▸ What is expected: Output the data unchanged and complete, minus the images.

──────── Source material

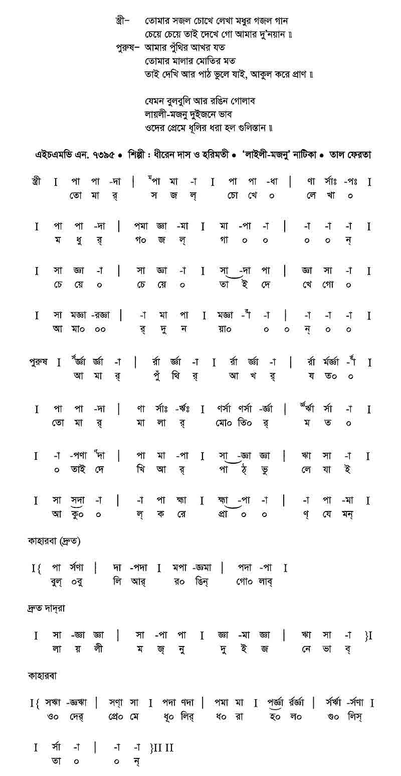 নীপ-শাখে বাঁধো ঝুলনিয়া, কাজল-নয়না শ্যামলিয়া॥ মেঘ-মৃদঙ্গ তালে শিখী নাচে ডালে-ডালে। মল্লার গান গাহিছে পবন পূরবিয়া॥ কেতকী কেশরে কুন্তল করো সুরভি, পরো কদম মেখলা কটি-তটে রূপ-গরবী। নব-যৌবন জল-তরঙ্গে, পায়ে পাঁয়জোর বাজুক রঙ্গে কাজরি ছন্দে নেচে চল করতালি দিয়া॥
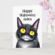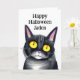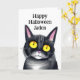 Personlig Halloween-för barn. Inuti kortet finns en färgsida till färg. Svart kattgrafik.
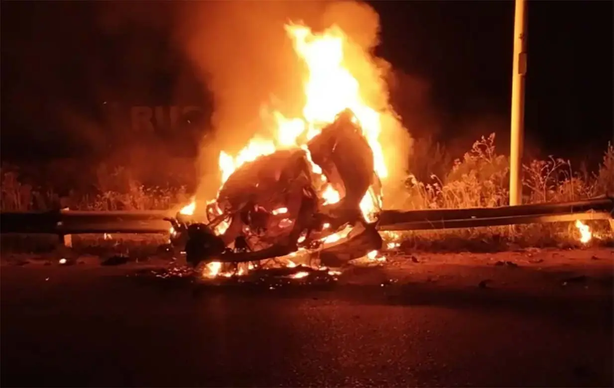 Según información oficial, el accidente ocurrió alrededor de la 1 de la madrugada, en el sector de 25 de Mayo y la Colectora, cuando un Volkswagen Suran en el que viajaban cinco personas volcó, impactó contra el guardarraíl y se incendió, quedando completamente consumido por las llamas.
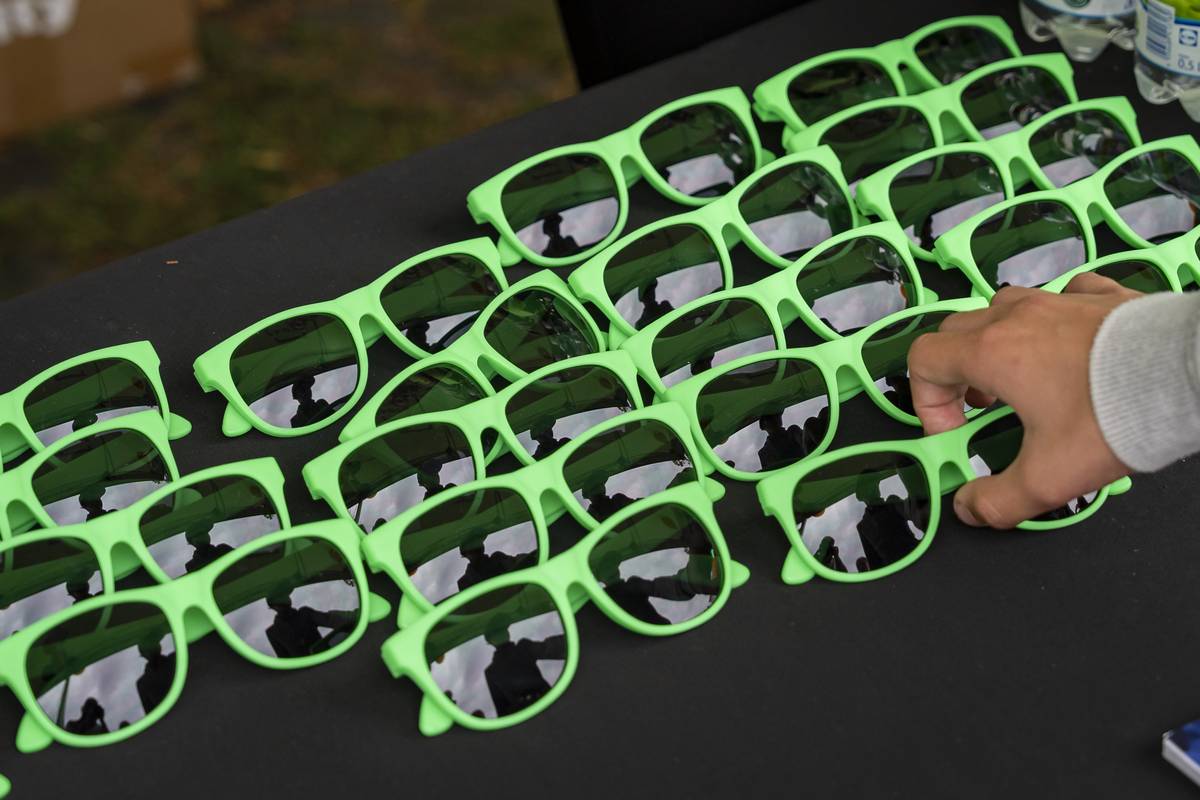 Koalice Spolu sází na svítivě zelenou a oranžovou. K dostání jsou kloboučky, brýle, placky či trika.

────────────────

▸ Exercise output:
 নীপ-শাখে বাঁধো ঝুলনিয়া, কাজল-নয়না শ্যামলিয়া॥ মেঘ-মৃদঙ্গ তালে শিখী নাচে ডালে-ডালে। মল্লার গান গাহিছে পবন পূরবিয়া॥ কেতকী কেশরে কুন্তল করো সুরভি, পরো কদম মেখলা কটি-তটে রূপ-গরবী। নব-যৌবন জল-তরঙ্গে, পায়ে পাঁয়জোর বাজুক রঙ্গে কাজরি ছন্দে নেচে চল করতালি দিয়া॥
 Personlig Halloween-för barn. Inuti kortet finns en färgsida till färg. Svart kattgrafik.
 Según información oficial, el accidente ocurrió alrededor de la 1 de la madrugada, en el sector de 25 de Mayo y la Colectora, cuando un Volkswagen Suran en el que viajaban cinco personas volcó, impactó contra el guardarraíl y se incendió, quedando completamente consumido por las llamas.
 Koalice Spolu sází na svítivě zelenou a oranžovou. K dostání jsou kloboučky, brýle, placky či trika.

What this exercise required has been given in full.